Si homines liberi nascerentur, nullum bona et mali formarent conceptum, quamdiu liberi essent[158] (Eth., IV, LXVIII): ДЛЯ свобод­но рожденных людей исчезает самое противоположение добра и зла.

Говоря все это, Спиноза полагает, что он высказывает истины, равно всегда обязательные для всех людей. Он забывает, что сам не всегда так думал, что когда-то он так думать не мог и что, стало быть, другие теперь могут так не думать, что для других людей сказать, что Богу чуждо ratio boni или что сво­бодный человек nullum boni et mali conceptum format, все рав­но, что отрицать существование Бога.
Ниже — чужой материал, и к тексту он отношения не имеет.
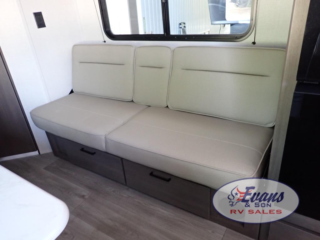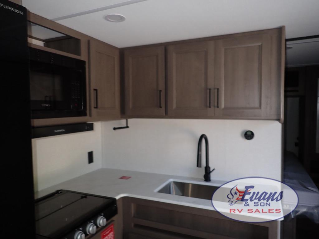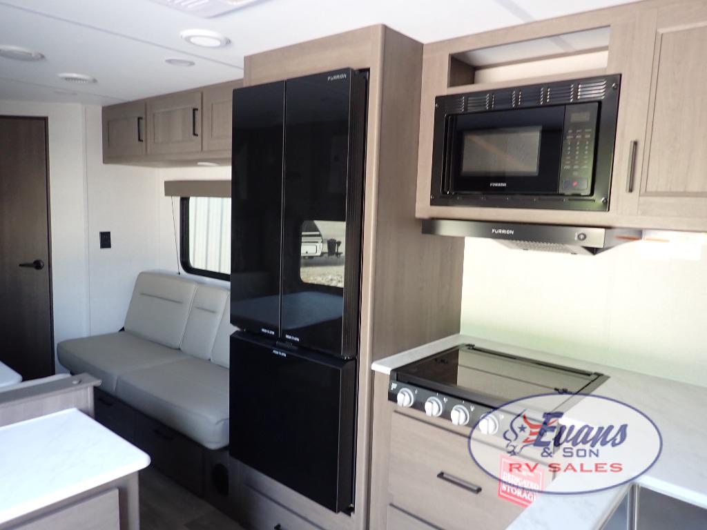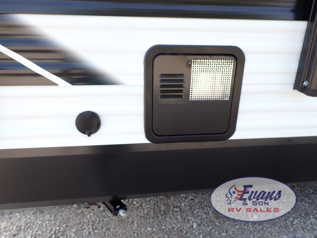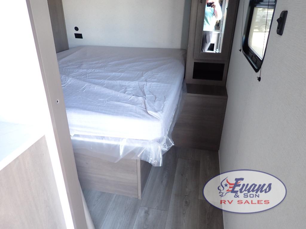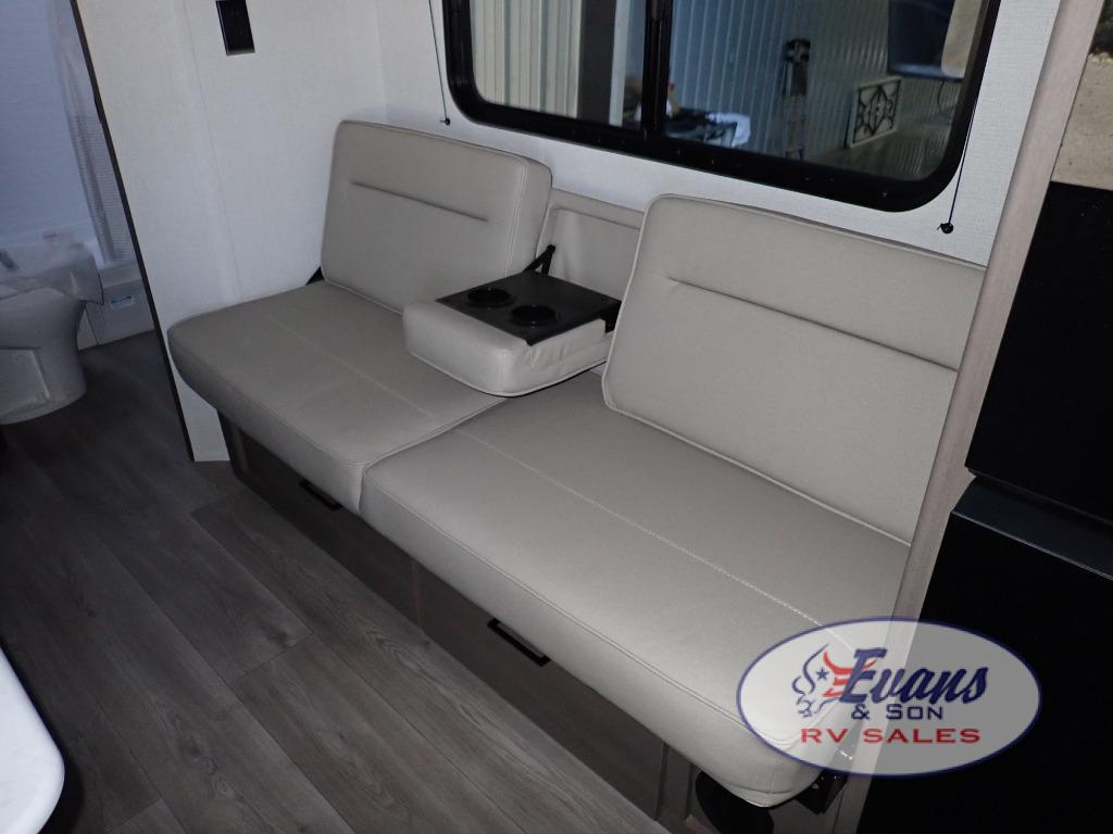 This is the perfect travel trailer if you like to camp with friends and family. Since there are double-size bunks, a queen bed in the front bedroom, plus a booth dinette and sofa, you can sleep eight campers each night! The three burner range and microwave in the kitchen will let you cook meals each day, and the 12V refrigerator will keep your cold items fresh. This model also includes a counter with extra storage underneath, a pull-out trash can storage for convenience, and a full bath to freshen up in each day. And you'll love having your own space in the front bedroom with a privacy curtain, dual wardrobes, and TV prep if you want to add a television!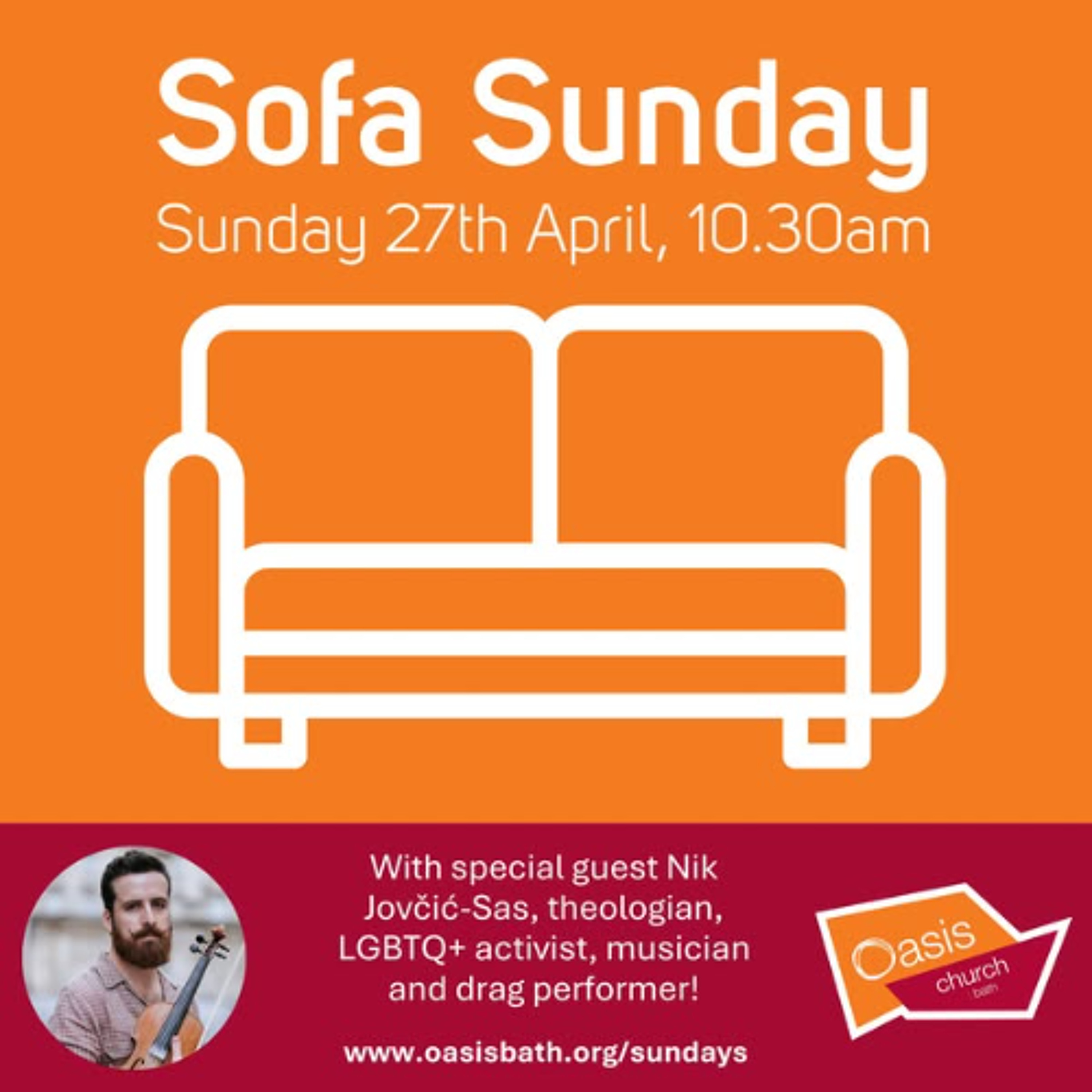 We were pleased to welcome our special guest Nik Jovčić-Sasto to the sofa at Oasis Church Bath. Nik is an Eastern Orthodox Christian, theologian, LGBTQ+ activist, musician, and drag performer. They joined us on the sofa for a conversation about their life and experiences, including a range of topics from music and activism, to mysticism and Midsomer Norton!

Вместе с бл. Августином и со всеми философами Спиноза ставит последней целью фило­софа beatitudo, которое он определяет следующим образом: beatitudo nihil aliud est, quam ipsa animi acquiescentia, quae ex Dei intuitiva cognitione oritur[159] (Eth., IV, App. Chap. IV). Это, ведь, почти перефразировка Августиновского: tu fecisti nos ad te et inquietum est cor nostrum donee requiescat in te[160]. Успо­коение души есть и следствие и признак познания Бога. Позна­ние, иначе говоря, сопровождаемое состоянием удовлетворен­ности и покоя, есть последнее, окончательное познание. И вся на­ша деятельность должна быть направлена к тому, чтобы придти к этой цели. Вот почему Спиноза борется с теми аф­фектами, которые нарушают душевный покой. Spes et Metus affectus non possunt esse per se boni[161] (Eth., IV, prop. 47), Потому объясняет он: quo magis ex ductu Rationis vivere conamur, eo magis spe minus pendere et Metu nosmet liberare et fortunae, quantum possumus, imperare conamur, nostrasque actiones certo Rationis consilio diregere[162] (d° Scholium). И еще через несколько страниц он снова повторяет: Qui Metu ducitur, et bonum, ut malum vitet, agit, is Ratione non ducitur[163] (Eth., IV,
prop. 63). Мы помним из предыдущего, как рассказывает Спи­ноза в Tractatus de intellectus Emendatione историю своей ду­шевной борьбы, т. е. начало своей философии. Ведь именно страх и надежда были теми могучими двигателями, которые вывели его душу из естественного состояния равновесия. Если бы не постоянная смена отчаяния и надежды, Спиноза остался бы в той колее, на которую случайности рождения и обстоятельств с молодых лет поставили его.